How Sign Language Interpreters Prepare For Festival Performances

Dave Mead

How Sign Language Interpreters Prepare For Festival Performances

Dave Mead

Ever since American Sign Language interpreter Amber Galloway Gallego went viral after signing Kendrick Lamar’s Lollapalooza set in 2013, more attention has been paid to ASL interpreters at festivals. But Brooke Chambers, the ASL program manager for C3 Presents (the promoter behind Lollapalooza and the Austin City Limits Music Festival), asserts, “Really, we’ve been there all along.” Ahead of Lolla in August, Chambers — who graduated with a degree in deaf studies from the University of Texas at Austin — offers insight on the training and research her team does and how the popularity of hip-hop headliners has posed a new challenge.

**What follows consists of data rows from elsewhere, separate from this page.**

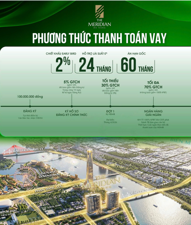 Căn hộ cao cấp The Meridian Da Nang 75 -95 Triệu/ m2
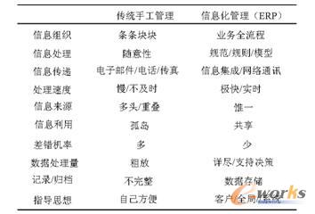 信息化管理決不是手工管理的翻版,它們是兩種不同的管理模式;它們之間的區別可以用下表說明。
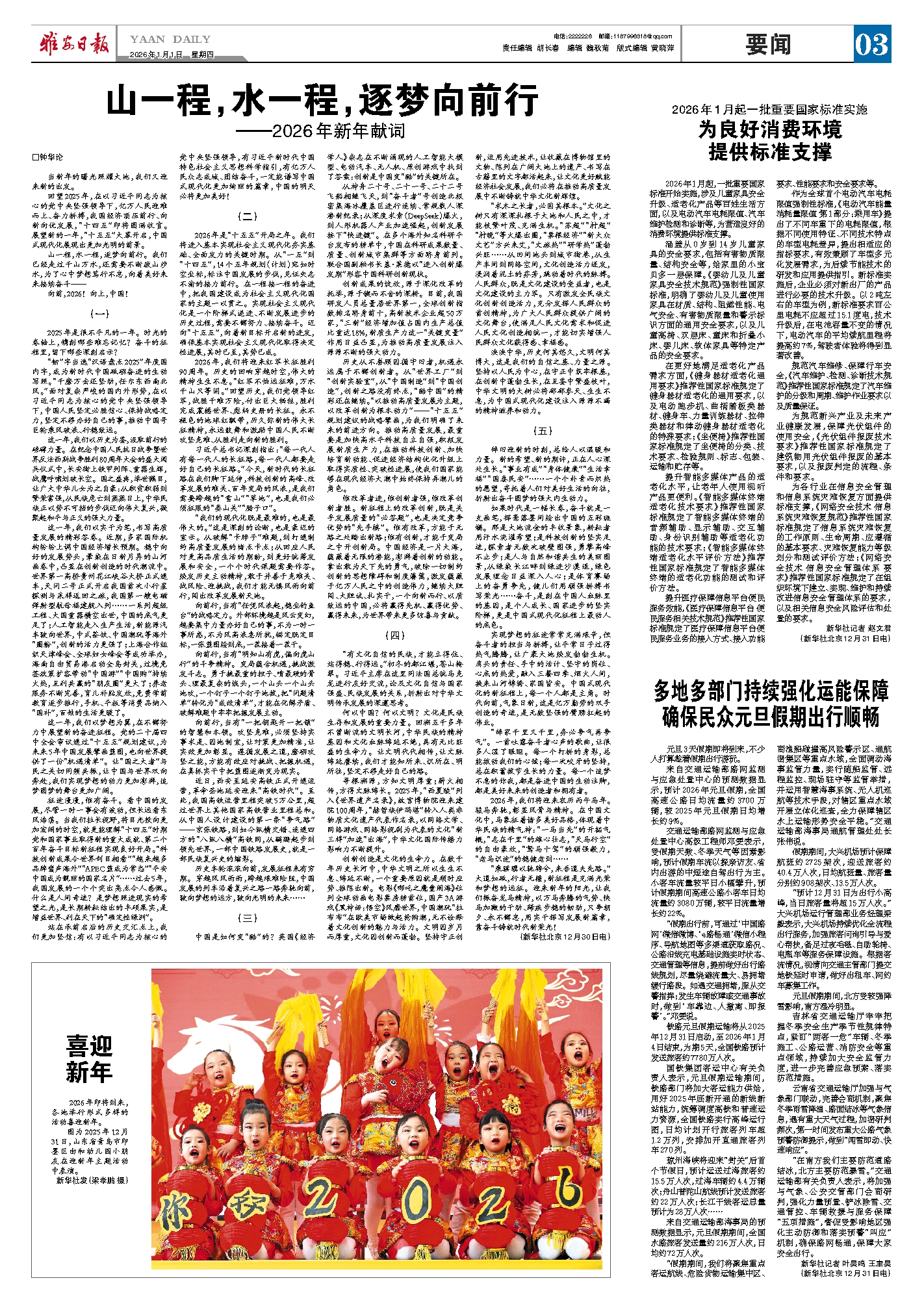 国铁集团客运中心有关负责人表示,元旦假期运输期间,铁路部门将加大客运能力供给,用好2025年底新开通的新线新站能力,统筹调度高铁和普速运力资源,全国铁路实行高峰运行图,日均计划开行旅客列车超1.2万列,安排加开直通旅客列车270列。
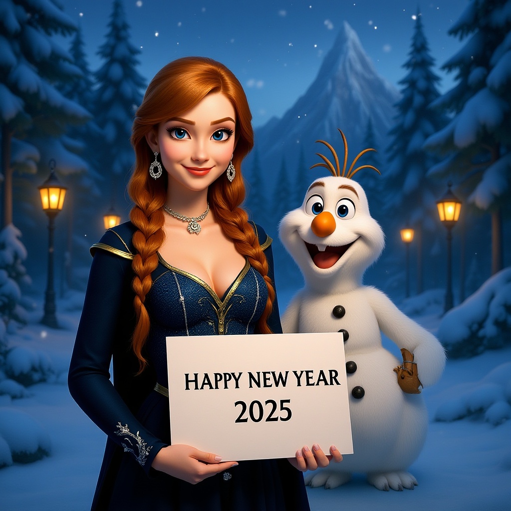 Create a highly realistic and seductive photo of Princess Anna and Olaf from Disney's Frozen, capturing Anna's bold and daring essence while maintaining her spirited and adventurous personality. In the scene, Anna and Olaf hold a sign that reads "Happy New Year 2025" against the enchanting snowy backdrop of Arendelle. The setting features a softly lit winter forest, shimmering snowflakes, and the warm glow of lanterns illuminating the landscape. Anna wears a sophisticated, slightly daring version of her iconic outfit with high-shine modern accents that emphasize her confidence and charm. Her signature pigtails and a subtle reference to the North Mountain are included in the background. Make small creative modifications to enhance the scene while preserving the core concept.

Assembling the team: “Signing music is a niche skill. There’s an application to submit details about work experience and a video submission. I take that video and send it to a panel of evaluators that is typically made up of six to eight people — deaf people, working interpreters, and also interpreter-training professors — for feedback. I decide who and how the team will work. There’s everything from an intern level that works only a couple of shows to maximum nationally certified, highly experienced veterans who can handle potentially four shows a day.”

Amber Galloway Gallego and Wiz Khalifa
CREDIT: Randy Holms/ABC/Getty

Giving assignments: “We determine what shows get interpreted based on patron requests [submitted online] — we’ve always done headliners unless it’s a DJ who doesn’t have words — and after, we fill in blanks to provide as much coverage as possible. I take those shows that are going to be interpreted and [tell my team], ‘Rank them from one to 10.’ I base [assignments] on interpreters’ requests; usually that means they’re connected to the music. I have people who are skilled in hip-hop, so they, by default, will be on that [show]. I do wish more people were more skilled in hip-hop and rap, but it is one of the hardest because obviously there is a cadence, a rhythm, and it’s very fast.”

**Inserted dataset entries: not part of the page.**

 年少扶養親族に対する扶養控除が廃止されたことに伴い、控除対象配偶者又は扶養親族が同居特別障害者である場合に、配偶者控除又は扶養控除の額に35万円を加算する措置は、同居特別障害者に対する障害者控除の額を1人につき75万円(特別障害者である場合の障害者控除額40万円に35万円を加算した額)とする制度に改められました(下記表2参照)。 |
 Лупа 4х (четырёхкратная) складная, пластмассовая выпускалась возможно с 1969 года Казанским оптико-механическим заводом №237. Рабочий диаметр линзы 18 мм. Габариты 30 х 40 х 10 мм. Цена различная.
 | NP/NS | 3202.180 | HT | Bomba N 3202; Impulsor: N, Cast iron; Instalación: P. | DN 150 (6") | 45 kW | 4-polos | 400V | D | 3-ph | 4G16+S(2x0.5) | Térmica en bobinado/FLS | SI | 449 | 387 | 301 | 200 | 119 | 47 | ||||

Preparing the show: “My team researches the last year of an artist’s setlist and does a probability equation that says how often a song has been played in the last year to determine a pseudo setlist. There are other interpreters I’ve come across that do a more spontaneous interpretation, but I think some practice always makes [for] better work — especially with hip-hop. Even some of the old rock material is harder. After they decide who’s going to do what songs, they watch interviews of the artist to facilitate the [intended] communication [so they don’t deliver their own] interpretation.”

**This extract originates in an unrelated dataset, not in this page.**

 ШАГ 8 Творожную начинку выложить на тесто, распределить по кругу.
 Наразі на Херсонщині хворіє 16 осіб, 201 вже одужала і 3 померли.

Balancing the workload: “I used to call Lollapalooza ‘my beautiful beast’ … We don’t interpret every single act. We average eight to 10 shows per day. This work is so grueling that after a certain number of acts, the quality of work can degrade. I don’t let [interpreters] do more than four shows. [Now that Lollapalooza] is four days [Aug. 2-5], we average 30 shows [total]. My focus has been providing the highest-quality interpreter services that focus on the deaf-patron experience. If I get one deaf patron smiling, then my job is done.”